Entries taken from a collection
****

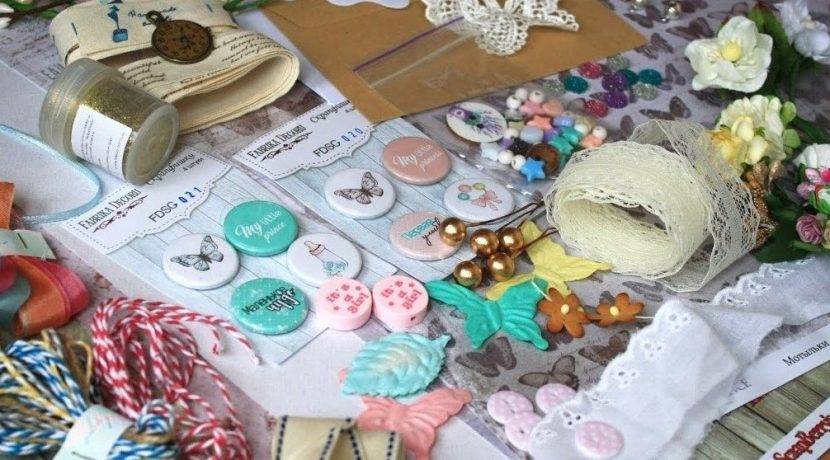 - Металлические уголки для декора, бумага для скрапбукинга, ленты, цветы, чипборды, вырубки, кружева.
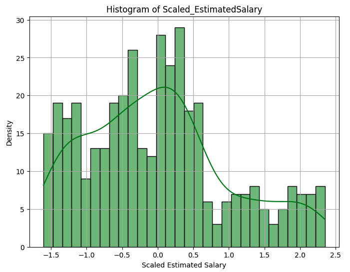 The histogram of Scaled_Age shows a roughly bell-shaped distribution with a peak around 0 but with multiple peaks (multimodal). The histogram of Scaled_EstimatedSalary also shows a multimodal distribution, with peaks around -0.5 and 0.5, and a long tail extending to the right. The Scaled_EstimatedSalary histogram’s peaks indicate the clustering of salaries, possibly due to common salary bands (e.g., entry-level, mid-tier, executive). The right tail in Scaled_EstimatedSalary suggests a few customers with significantly higher salaries, indicating potential outliers that could influence the model if not addressed.
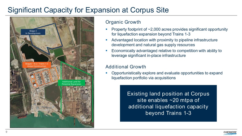 Corpus Christi Liquefaction Train 3 Overview Corpus Christi Liquefaction Project Liquefaction Technology Positive Final Investment Decision EPC Contractor May 22, 2018 Notice to Proceed issued to Bechtel May 23, 2018 Creditworthy SPA Counterparties Guaranteed Substantial Completion December 2021 Total cost ~$3 billion, financed 50% debt and 50% Maintenance Contract Servicer equity, with equity portion expected to be funded with internally generated cash flow(1) (1) ~3 mtpa contracted under long-term SPAs with Total Mtpa Under Construction 13.5 creditworthy SPA counterparties First FID of US liquefaction capacity in 3 years Firm Pipeline Capacity Note: Firm pipeline capacity includes Corpus Christi Pipeline, MIDSHIP Pipeline, TGP, NGPL, Transco, and KM Tejas. (1) Includes cash on hand. (2) Each Train is expected to have a nominal production capacity, prior to adjusting for planned maintenance, production reliability, and potential overdesign, of approximately 4.5 mtpa of LNG and an adjusted nominal production capacity of approximately 4.3-4.6 mtpa of LNG. Please see the appendix for more detail on adjusted nominal capacity. 8
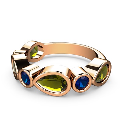 Peridot ve lab safir 18 ayar rose altın yüzük
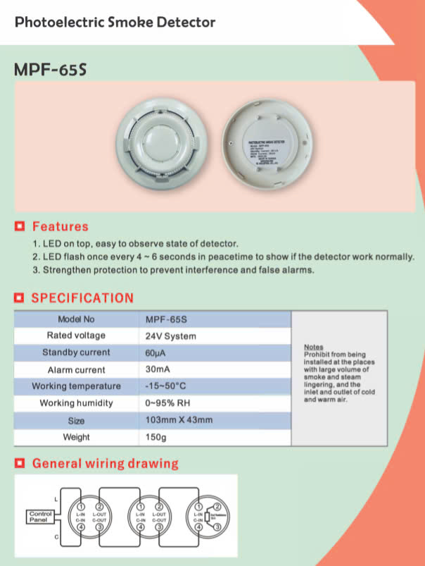 1. Mô tả thông số kĩ thuật Đầu báo khói 24V Taiwan MPF-65S
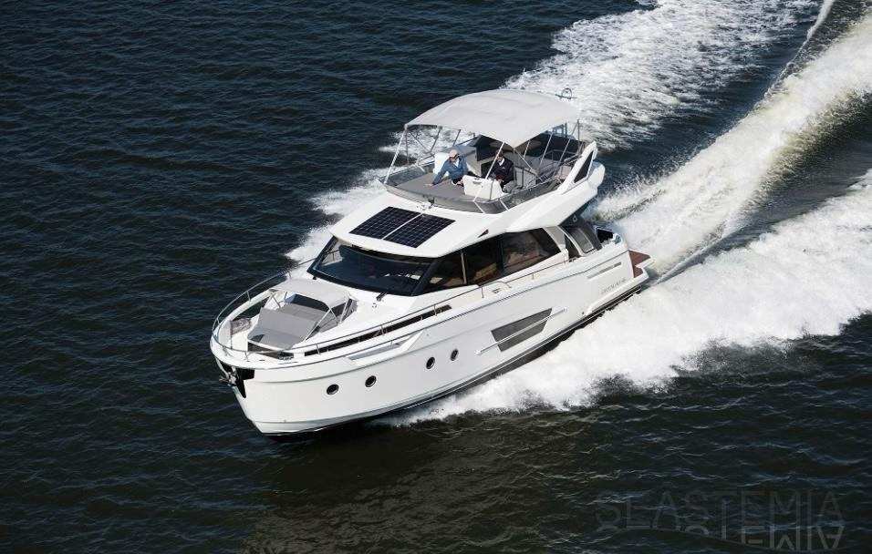 The Greenline 45 Fly is a yacht that combines pleasure with environmental responsibility. Designed to deliver optimal comfort, it offers three beautiful cabins, a spacious flybridge, and a modern interior finished with high-end materials. Thanks to its solar panels, it optimizes energy consumption while ensuring smooth and quiet cruising.
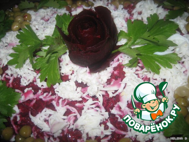 картофель, лук, майонез, сельдь, морковь, майонез, морковь, яйца, майонез и свекла, смешанная с майонезом
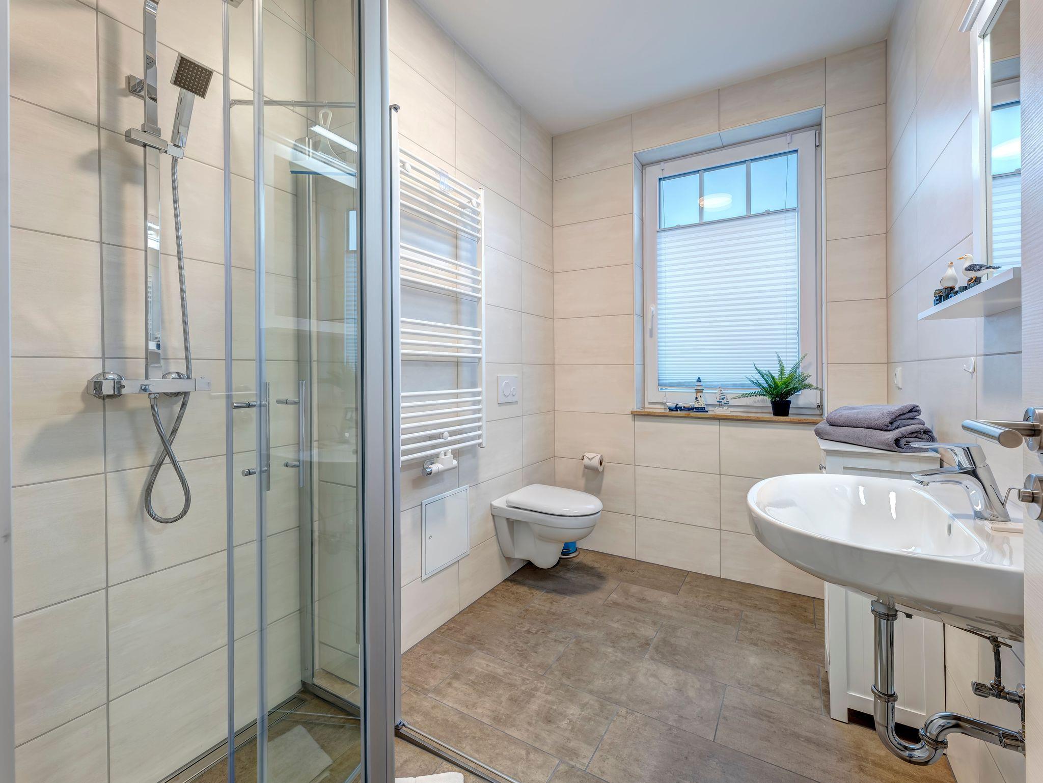 Im Badezimmer finden Sie eine Dusche, ein WC sowie einen Waschtisch vor. Ein Handtuchheizkörper ermöglicht die effektive Trocknung der Handtücher.
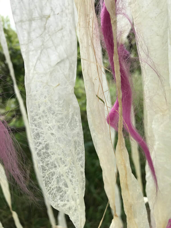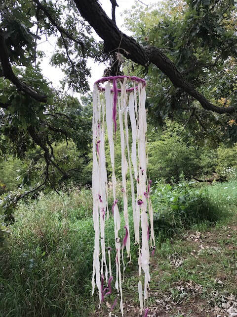 Since it's still a work in progress, I can't share anything yet about the piece I will contribute this year, but here are some images from "Hanging In," the one I created for the last Farley event in 2017. It was made with hog gut, mohair, raffia, mica rings, glass rings, and wooden twigs.
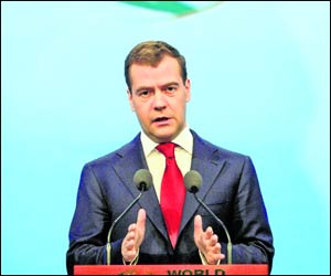 Medvedev suggested that Russia would like to see more substantive change including an end to such an oversize role for the dollar. Russias economic critique of the dollar,continuing for several years,comes alongside increased political tensions with the United States. Yet Russias central bank,too,keeps about 50 per cent of its reserves in dollars. To stabilize exchange rates,Medvedev said,governments should create a new reserve currency. Russia has backed an expanded role for special drawing rights units of the International Monetary Fund.

****

• [Task to complete]: Please return only the lines running from the line with "Peridot ve lab" to the final line of the data, both included, exactly and without any pictures.

• [Result of this task]:
 Peridot ve lab safir 18 ayar rose altın yüzük
 1. Mô tả thông số kĩ thuật Đầu báo khói 24V Taiwan MPF-65S
 The Greenline 45 Fly is a yacht that combines pleasure with environmental responsibility. Designed to deliver optimal comfort, it offers three beautiful cabins, a spacious flybridge, and a modern interior finished with high-end materials. Thanks to its solar panels, it optimizes energy consumption while ensuring smooth and quiet cruising.
 картофель, лук, майонез, сельдь, морковь, майонез, морковь, яйца, майонез и свекла, смешанная с майонезом
 Im Badezimmer finden Sie eine Dusche, ein WC sowie einen Waschtisch vor. Ein Handtuchheizkörper ermöglicht die effektive Trocknung der Handtücher.
 Since it's still a work in progress, I can't share anything yet about the piece I will contribute this year, but here are some images from "Hanging In," the one I created for the last Farley event in 2017. It was made with hog gut, mohair, raffia, mica rings, glass rings, and wooden twigs.
 Medvedev suggested that Russia would like to see more substantive change including an end to such an oversize role for the dollar. Russias economic critique of the dollar,continuing for several years,comes alongside increased political tensions with the United States. Yet Russias central bank,too,keeps about 50 per cent of its reserves in dollars. To stabilize exchange rates,Medvedev said,governments should create a new reserve currency. Russia has backed an expanded role for special drawing rights units of the International Monetary Fund.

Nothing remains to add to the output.